Our 'Broken System' of Criminal Justice
The November 10, 2011 issue of the New York Review of Books contains a review of The Collapse of American Criminal Justiceby William J. Stuntz. The review was written by John Paul Stevens, the most recent retiree of the U.S. Supreme Court. The review is available online, http://www.nybooks.com/articles/archives/2011/nov/10/our-broken-system-criminal-justice/. Stevens credits the book with accurately describing the two major problems with the American criminal justice system, its overall severity and its disparity in treatment of African Americans compared with other Americans.
Stevens says, "...the book emphasizes the importance of the parts that different decision-makers play in the administration of criminal justice. Stuntz laments the fact that criminal statutes have limited the discretionary power of judges and juries to reach just decisions in individual cases, while the proliferation and breadth of criminal statutes have given prosecutors and the police so much enforcement discretion that they effectively define the law on the street.

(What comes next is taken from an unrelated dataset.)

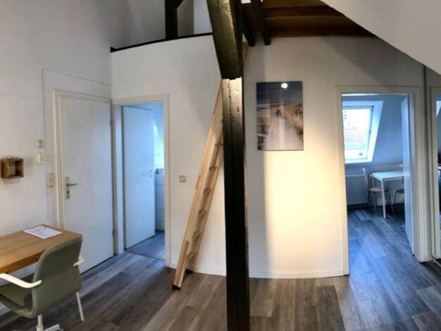 Modern möblierte Etagenwohnung. Dieses Objekt bietet die Möglichkeit der angepassten Möblierung. Die Räume werden zur Zeit als Schlafraum, mit Doppelbett und Arbeitsplatz, sowie als Wohnraum genutzt....
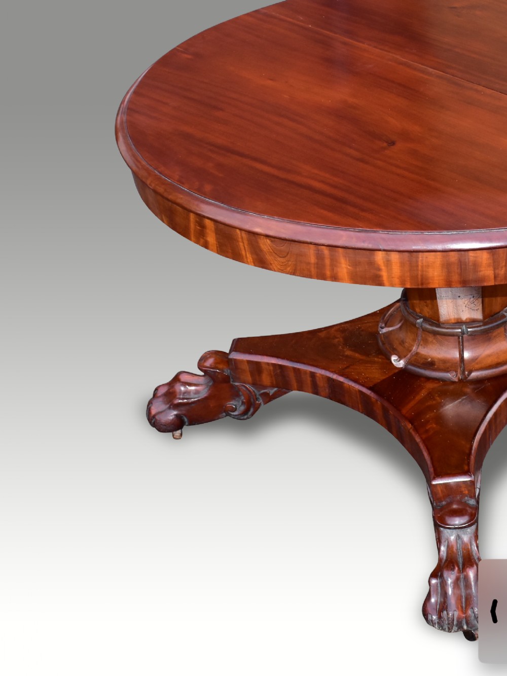 This wonderful quality Regency mahogany circular dining table which opens to accept 1 or 2 leaves.

"Ironically, during an age of increasing protection for civil rights, discrimination against both black suspects and black victims of crime steadily increased. Stuntz attributes this development, in part, to the expansion of prosecutorial and police discretion-in his view, 'discretion and discrimination travel together.' For example, the discretionary authority to enforce posted speed limits has enabled state troopers to be selectively severe in making arrests, and to use those arrests to justify searches for evidence of drug offenses. While Stuntz does not suggest that such discriminatory enforcement of traffic laws is itself a national crisis, it provides one illustration of the negative effects of excessive enforcement discretion.

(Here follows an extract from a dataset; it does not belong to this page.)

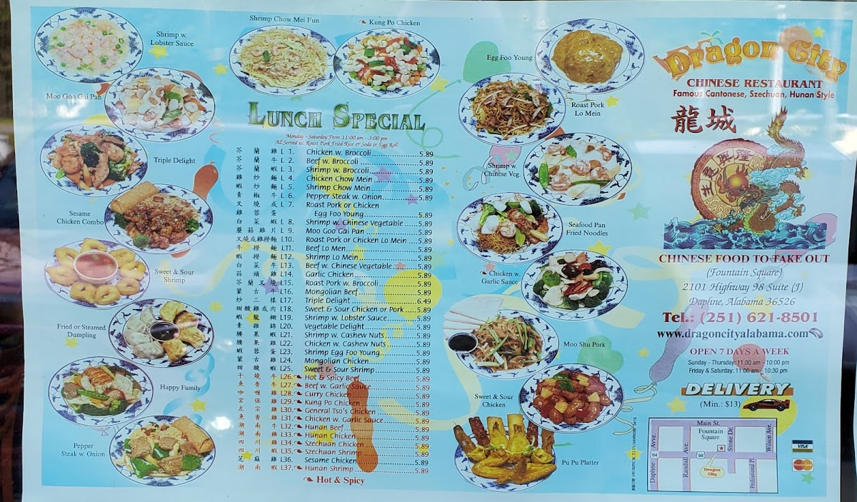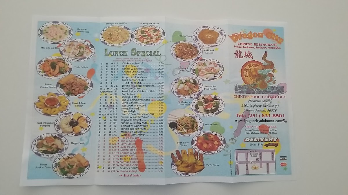Dragon City, located at 2101 US-98 Suite J in Daphne, AL, offers an extensive and varied menu that caters to diverse tastes, ensuring there's something for everyone. The Seafood section features a range of flavorful dishes, including Shrimp With Snow Peas ($9.95), Shrimp With Garlic Sauce ($9.95), and the bold Curry Shrimp With Onion ($9.95), each offering a unique blend of fresh ingredients and savory sauces. For a more adventurous taste, there are the Szechuan Shrimp and Hunan Shrimp ($9.95), each bringing a spicy kick.

"The result, Stuntz writes, has been a serious disadvantage to African-Americans in their encounters with the American criminal justice system. While only 10 percent of the adult black population uses illegal drugs, as does a roughly equal percentage-9 percent-of the adult white population, blacks are nine times more likely than whites to serve prison sentences for drug crimes. 'And the same system that discriminates against black drug defendants also discriminates against black victims of criminal violence.' As 'suburban voters, for whom crime is usually a minor issue,' have come to 'exercise more power over urban criminal justice than in the past,' police protection against violent felonies has disproportionately extended to suburban neighborhoods rather than the urban centers where more black individuals reside.
"The 'bottom line,' Stuntz explains, has been that 'poor black neighborhoods see too little of the kinds of policing and criminal punishment that do the most good, and too much of the kinds that do the most harm.' In this sense and others, Stuntz concludes, our criminal justice system has 'run off the rails.'"
Justice Stevens summarizes the final chapter of the book as follows:
"First, he persuasively argues that putting more police officers on city streets is a policy move that should reduce both crime and the number of prisoners. By deterring crime with broader, more certain enforcement rather than heavy punishments for the few most easily caught, this policy would respond both to the problem of excessive penal severity and to the twin effects of systemic racial discrimination-excessive enforcement against black offenders and inadequate protection of black victims.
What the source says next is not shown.